A collection of reviews of films from off the beaten path; a travel guide for those who love the cinematic world and want more than the mainstream releases.
Sunday, March 17, 2019
Black Book
Anthony Mann’s Reign of Terror/Black Book has been a public domain staple for decades. Appearing in cheap DVDs and VHS copies for years I have it I don’t know how many oldie thriller sets. Amazingly I had somehow never managed to see it until I saw it Brooklyn Academy of Music’s Joe Dante retrospective. Dante programed he film as one of his influences. We were not told how it influenced him but it’s good enough that it’s not hard to imagine how it could.
Set toward the end of the French revolution’s reign of terror, the film has Robert Cumming’s anti-Robespierre hero taking the place of a “prosecutor” from Strasburg who was sent for by Robespierre. Its seems that someone has stolen the infamous black book in which all those to be denounced are listed. It must be discovered before the convention which will make Robespierre dictator of France. Complications arise for Cummings as an old love shows up and Robespierre and his men are running a larger game.
A taught thriller I’m at a loss as to why the film isn’t better known. Yes it’s workman like and very much of it’s time but it dos what it does with incredible skill and is a hell of a lot more entertaining than most other films from the same time.

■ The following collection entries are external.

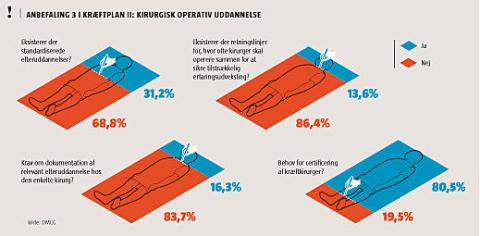 DMCG's undersøgelse graver anbefalingerne fra Kræftplan II frem for at finde ud af, om de er gennemført. En anbefaling siger, at kræftkirurger skal dokumentere relevant efteruddannelse. Men kun omkring en tredjedel af afdelingerne kræver det, viser undersøgelsen. To ud af tre afdelinger har ikke en standardiseret efteruddannelse og stiller heller ikke krav om, at kirurgerne skal dokumentere gennemført efteruddannelse (se også boks).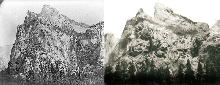 Left: Carleton Watkins, Bridalveil Fall from Cathedral Trail, Yosemite National Park, Calif., 1860, Library of Congress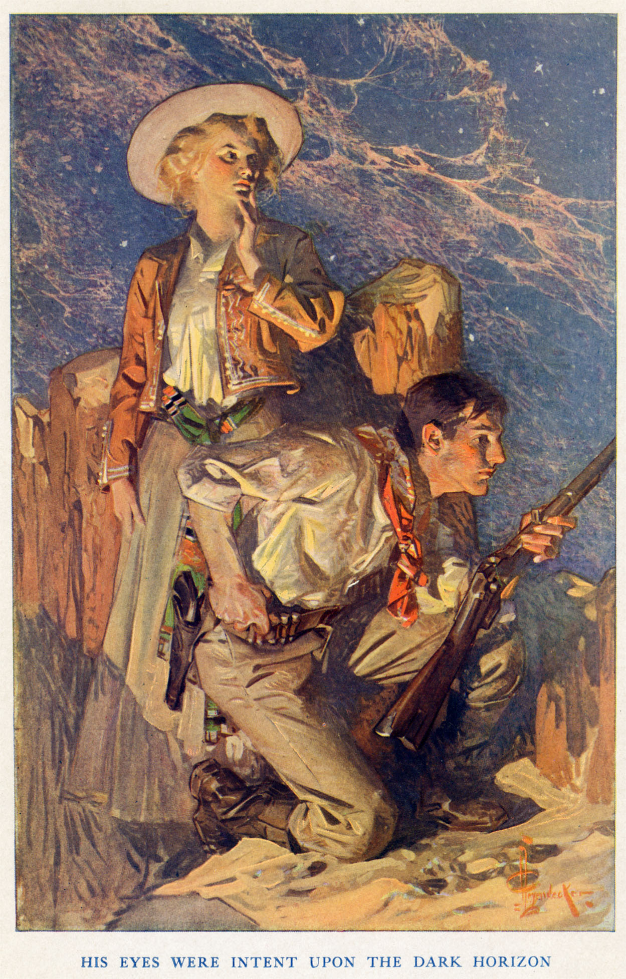 The man understood his wife’s strong character, and her reply made him feel as though his responsibilities had been suddenly increased. He looked at his companions riding in scout fashion in front. They were pointing at something on the horizon, and he followed the direction indicated.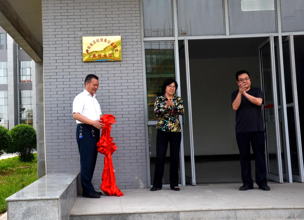 市禁毒委副主任、司法局副局長喬捍東和副校長霍曉麗為焦作大學“河南省高校禁毒公益聯盟”揭牌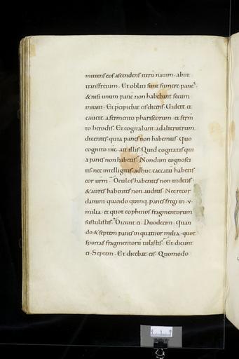 | Keywords: MCC-68515 Evangelistarium (Bernulphuscodex) (346).jpg Artwork nl Anonymous Zuid-Duitsland Reichenau OSB nl De kern van de boekband van de Bernulphuscodex wordt gevormd door twee eikenhouten platten De rug en het achterplat zijn overtrokken met zeemleer Het voorplat bestaat uit een enigszins verdiept rechthoekig middenveld omgeven door een brede rand In het middenveld bevindt zich een verguld zilveren filigraankruis met een verhoogd ingezwenkt achtkantig middenstuk en breed uitlopende armen Het filigraanwerk bestaat uit cirkelvormige uitwaaierende ranken met bolletjes aan de uiteinden en in het midden hier en daar kleine rozetjes Op het snijpunt van beide kruisarmen bevindt zich een ovale zwartblauw en grijs gekleurde onyx in de bovenarm een klassiek gesneden vrouwenkop van chalcedoon op de rechterarm een stuk donkerrood glas en beneden een bruin gestreepte agaat De bekleding van de linker kruisarm ontbreekt De lager gelegen velden tussen de kruisarmen zijn bekleed met dunne gouden platen Langs de randen hiervan is een parelrandje gestanst In het midden van de velden bevindt zich een medaillon met email-cloisonné De bovenste twee zijn voorzien van een diagonaal patroon met witte getrapte vierkantjes met rode stip tegen een donkerblauwe achtergrond Op de onderste twee is een stervormig respectievelijk concentrisch patroon aangebracht De aldaar toegepaste kleuren zijn translucide groen opaak wit geel en bruinpaars In de buitenste hoeken van de lager gelegen velden zijn ronde stenen in een vierkante zetting aangebracht Hiervan is slechts de opaal in de rechter bovenhoek bewaard gebleven In de overige hoeken is alleen nog de vierkante uitsparing te zien De brede rand is overtrokken met verguld zilveren stroken met grote rozetten die van elkaar gescheiden zijn door vier kleine stippelroosjes tussen twee evenwijdig lopende parelrandjes Aan de korte zijden van het voorplat ontbreekt de rozettenrand; slechts de spijkers waarmee ze waren vastgemaakt zijn nog te zien Aan de lange zijde ontbreekt een stuk uit de rand en wel links onder het midden Verdeeld over de nog aanwezige rozetten zijn vier alsengemmen en twee zilveren medaillons aangebracht Laatstgenoemde zijn versierd met een gezicht en bladwerk Vier medaillons met de evangelistensymbolen zijn op de hoeken van de brede rand aangebracht van links boven naar rechts onder betreft het de adelaar van Johannes de engel van Mattheus de gevleugelde os van Lucas en de gevleugelde leeuw van Marcus De banderol die de figuren dragen vermeldt de naam van de betreffende evangelist De naam van Marcus staat in spiegelbeeld Het woord Lucas is over andere letters gekrast De armen van het kruis de acht segmenten van het middenstuk alsmede de sierstukken zijn omlijst met een fijn geparelde gouden filigraandraad Techniek nog in te vullen volgens Korteweg zijn de medaillons met symbolen van Marcus en Lucas uit een graveerplaat gezaagd; rozetten in rand gestanst De sierlijst met rozetten is met behulp van kleine spijkertjes op de houten rand bevestigd Staat nog in te vullen Volgens Korteweg 1979 waren de medaillons met de symbolen van Johannes en Mattheus oorspronkelijk geëmailleerd De velden vertonen nog sporen van gekleurd email Volgens Steenbock 1965 waren het juist de medaillons met Lucas en Marcus Volgens Korteweg 1979 is het verguldsel van de stroken met rozetten enigszins afgesleten Onder de linkerzijde van het metaalwerk van het voorplat bevindt zich rode zijde; aan de smalle zijden van het voorplat ontbreken de rozettenranden slechts de spijkers waarmee ze waren vastgemaakt zijn nog te zien Aan de lange zijde links onder het midden ontbreekt een stuk uit de rand Van het chalcedonen vrouwenkopje ontbreekt de neus en is de kin beschadigd between u'1040' u'1200' u'1050' u'1499' nl perkament eikenhout zilver goud chalcedoon onyx glas agaat opaal Size 31 5 24 0 cm nl Hoogte 31 5cm Breedte 24 0cm Diepte 9 8cm Institution Museum Catharijneconvent object history exhibition history credit line nl Foto Museum Catharijneconvent Utrecht foto HetFotoAtelier Peter Rothengatter accession number Object number 68515 Inventory number ABM h3 place of creation https //www catharijneconvent nl/adlib/68515/ View this work on the website of Museum Catharijneconvent Museum Catharijneconvent Cc-zero <gallery> File MCC-68515_Evangelistarium_Bernulphuscodex_ 353 jpg File MCC-68515_Evangelistarium_Bernulphuscodex_ 412 jpg File MCC-68515_Evangelistarium_Bernulphuscodex_ 160 jpg File MCC-68515_Evangelistarium_Bernulphuscodex_ 6 jpg File MCC-68515_Evangelistarium_Bernulphuscodex_ 393 jpg File MCC-68515_Evangelistarium_Bernulphuscodex_ 89 jpg File MCC-68515_Evangelistarium_Bernulphuscodex_ 270 jpg File MCC-68515_Evangelistarium_Bernulphuscodex_ 425 jpg File MCC-68515_Evangelistarium_Bernulphuscodex_ 104 jpg File MCC-68515_Evangelistarium_Bernulphuscodex_ 291 jpg File MCC-68515_Evangelistarium_Bernulphuscodex_ 398 jpg File MCC-68515_Evangelistarium_Bernulphuscodex_ 339 jpg File MCC-68515_Evangelistarium_Bernulphuscodex_ 65 jpg File MCC-68515_Evangelistarium_Bernulphuscodex_ 403 jpg File MCC-68515_Evangelistarium_Bernulphuscodex_ 311 jpg File MCC-68515_Evangelistarium_Bernulphuscodex_ 159 jpg File MCC-68515_Evangelistarium_Bernulphuscodex_ 347 jpg File MCC-68515_Evangelistarium_Bernulphuscodex_ 453 jpg File MCC-68515_Evangelistarium_Bernulphuscodex_ 289 jpg File MCC-68515_Evangelistarium_Bernulphuscodex_ 273 jpg File MCC-68515_Evangelistarium_Bernulphuscodex_ 286 jpg File MCC-68515_Evangelistarium_Bernulphuscodex_ 236 jpg File MCC-68515_Evangelistarium_Bernulphuscodex_ 447 jpg File MCC-68515_Evangelistarium_Bernulphuscodex_ 227 jpg File MCC-68515_Evangelistarium_Bernulphuscodex_ 110 jpg File MCC-68515_Evangelistarium_Bernulphuscodex_ 139 jpg File MCC-68515_Evangelistarium_Bernulphuscodex_ 276 jpg File MCC-68515_Evangelistarium_Bernulphuscodex_ 10 jpg File MCC-68515_Evangelistarium_Bernulphuscodex_ 325 jpg File MCC-68515_Evangelistarium_Bernulphuscodex_ 154 jpg File MCC-68515_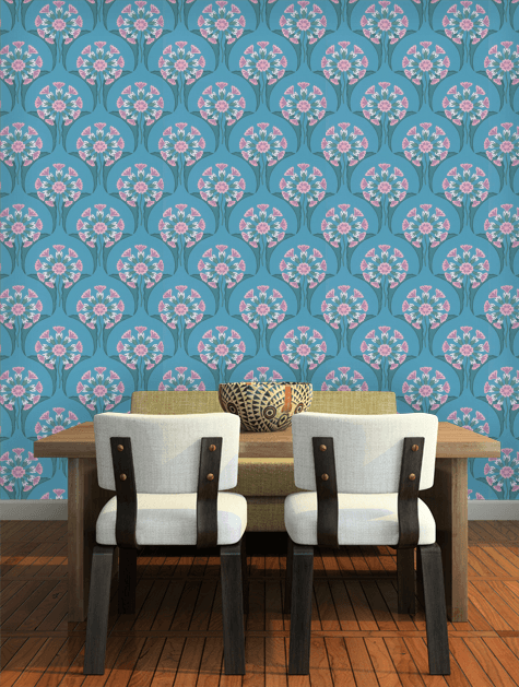 The prolific output of William Morris and the Arts & Crafts movement is widely evident within the National Trust portfolio, not least at Morris’s own London home ‘Red House’. He was a visitor, ‘student’ and 19th Century influencer at the Hencroft Works in Leek, where his friend Thomas Wardle taught and experimented with dyeing fabrics and printing papers with natural inks. This design – a stitched, repeating pattern of stylised cowslips – was found at Wardle’s school of embroidery in Leek, and has been effortlessly translated into a wallpaper design in eight stunning colourways.

It’s a film I would gladly put on again and again.
The love of the film as sealed for me with the sequence in the farm house when soldiers are looking for Cummings, his girlfriend and the black book. Roused by the approaching soldiers Cummings flees leaving the book behind. A game of trying to hide the book and not let anyone know it’s there ensues and it’s a sequence worthy to be compared with the best of Hitchcock.
I can’t say enough good about the film other than see it- and if you can see it big.
An absolute delight.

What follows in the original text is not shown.